## Extracted information
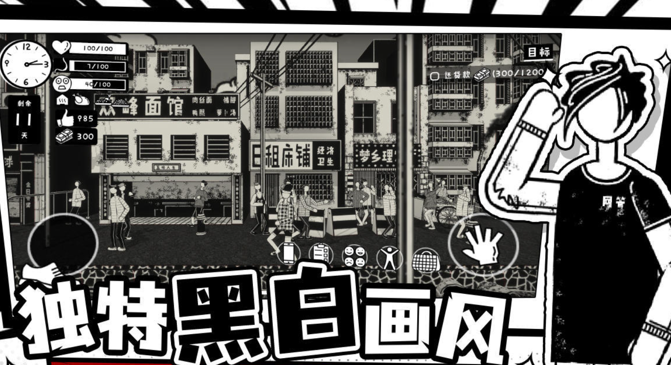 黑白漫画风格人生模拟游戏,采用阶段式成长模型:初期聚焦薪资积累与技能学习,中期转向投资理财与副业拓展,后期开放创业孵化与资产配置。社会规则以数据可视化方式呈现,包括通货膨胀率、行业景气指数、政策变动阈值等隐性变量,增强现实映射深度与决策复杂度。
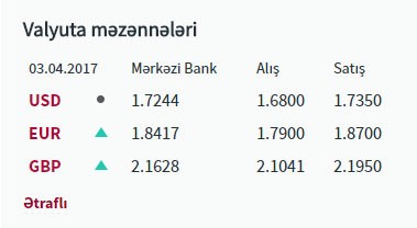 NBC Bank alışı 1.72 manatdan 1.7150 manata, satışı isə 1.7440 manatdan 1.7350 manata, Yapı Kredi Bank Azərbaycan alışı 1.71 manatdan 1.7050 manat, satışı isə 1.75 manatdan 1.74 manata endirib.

* * *

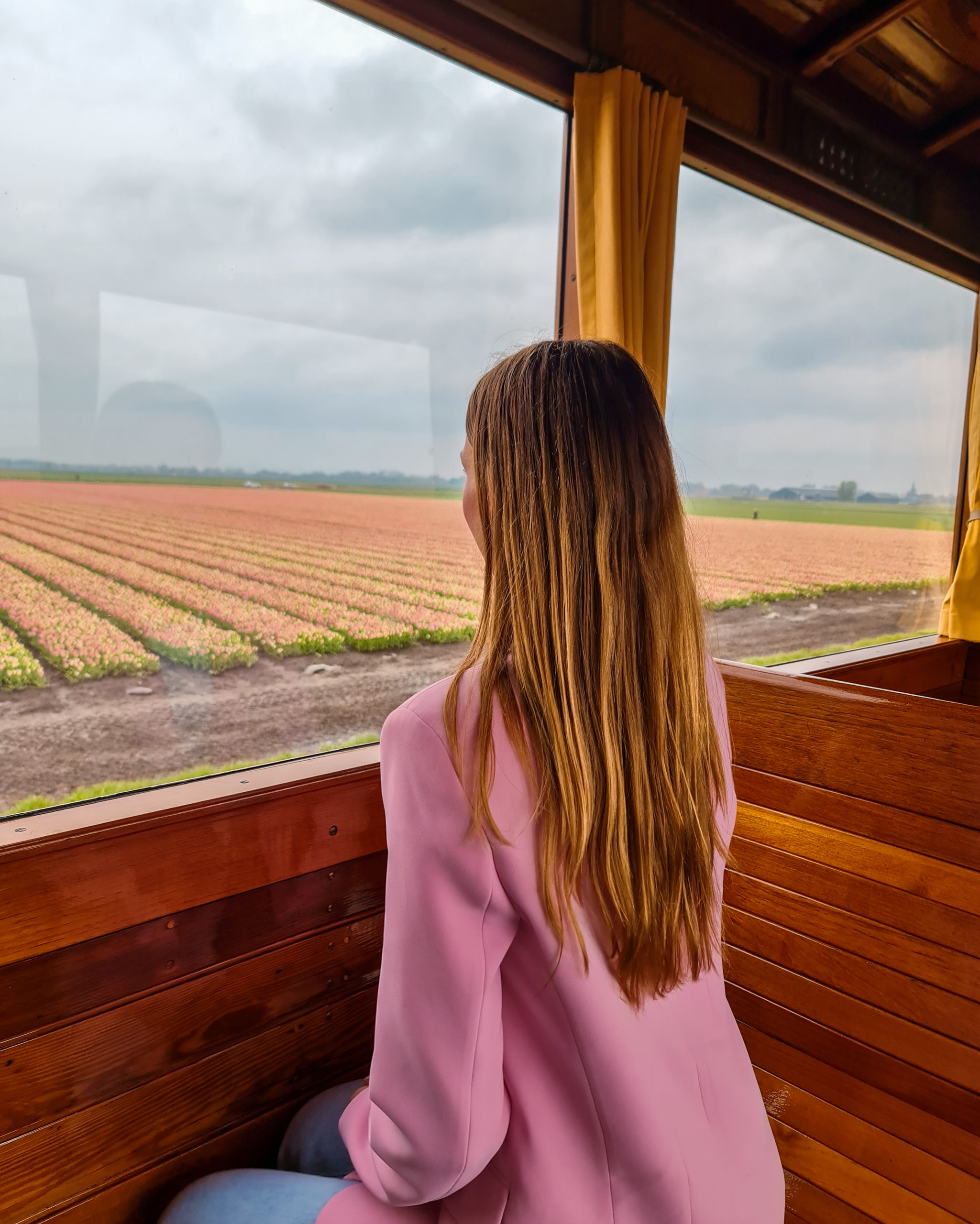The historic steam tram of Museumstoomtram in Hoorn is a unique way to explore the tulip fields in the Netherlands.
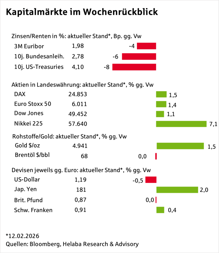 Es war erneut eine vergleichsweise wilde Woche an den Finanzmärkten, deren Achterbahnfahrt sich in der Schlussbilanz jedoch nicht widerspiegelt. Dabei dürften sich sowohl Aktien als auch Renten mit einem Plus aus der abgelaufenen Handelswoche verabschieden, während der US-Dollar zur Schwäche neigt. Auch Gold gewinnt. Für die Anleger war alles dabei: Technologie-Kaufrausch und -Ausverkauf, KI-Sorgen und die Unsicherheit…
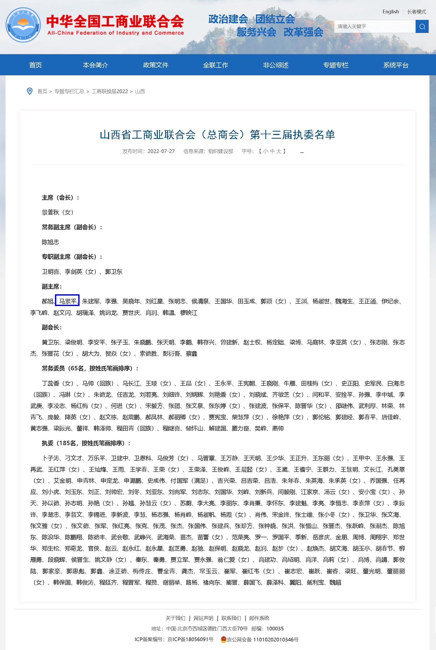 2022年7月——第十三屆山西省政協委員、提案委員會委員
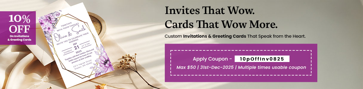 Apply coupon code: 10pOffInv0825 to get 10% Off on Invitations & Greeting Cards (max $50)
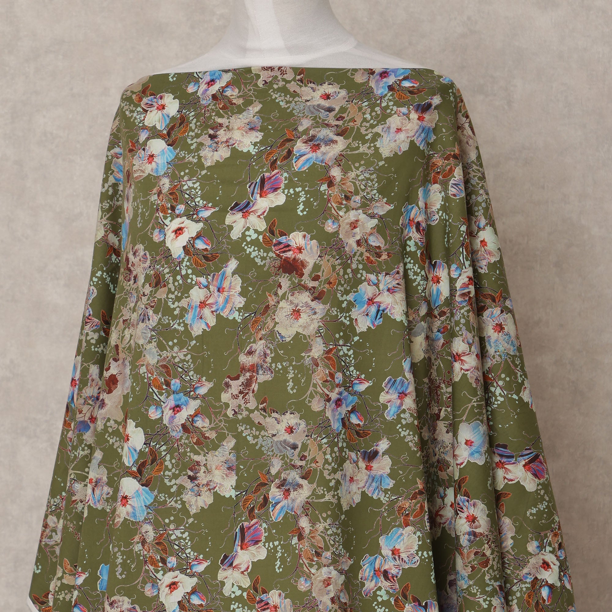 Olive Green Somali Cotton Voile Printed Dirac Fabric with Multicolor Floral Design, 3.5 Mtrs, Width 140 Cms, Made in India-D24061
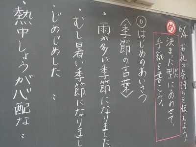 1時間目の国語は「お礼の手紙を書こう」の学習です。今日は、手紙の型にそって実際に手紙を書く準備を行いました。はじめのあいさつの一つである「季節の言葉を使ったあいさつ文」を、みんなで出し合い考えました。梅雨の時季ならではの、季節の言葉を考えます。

## Problem to work on
I would like the exact lines from the data above, starting with the one that holds "Apply coupon code: 10pOffInv0825" and going on through the one that holds "1時間目の国語は「お礼の手紙", without the pictures.

## Answer box
 Apply coupon code: 10pOffInv0825 to get 10% Off on Invitations & Greeting Cards (max $50)
 Olive Green Somali Cotton Voile Printed Dirac Fabric with Multicolor Floral Design, 3.5 Mtrs, Width 140 Cms, Made in India-D24061
 1時間目の国語は「お礼の手紙を書こう」の学習です。今日は、手紙の型にそって実際に手紙を書く準備を行いました。はじめのあいさつの一つである「季節の言葉を使ったあいさつ文」を、みんなで出し合い考えました。梅雨の時季ならではの、季節の言葉を考えます。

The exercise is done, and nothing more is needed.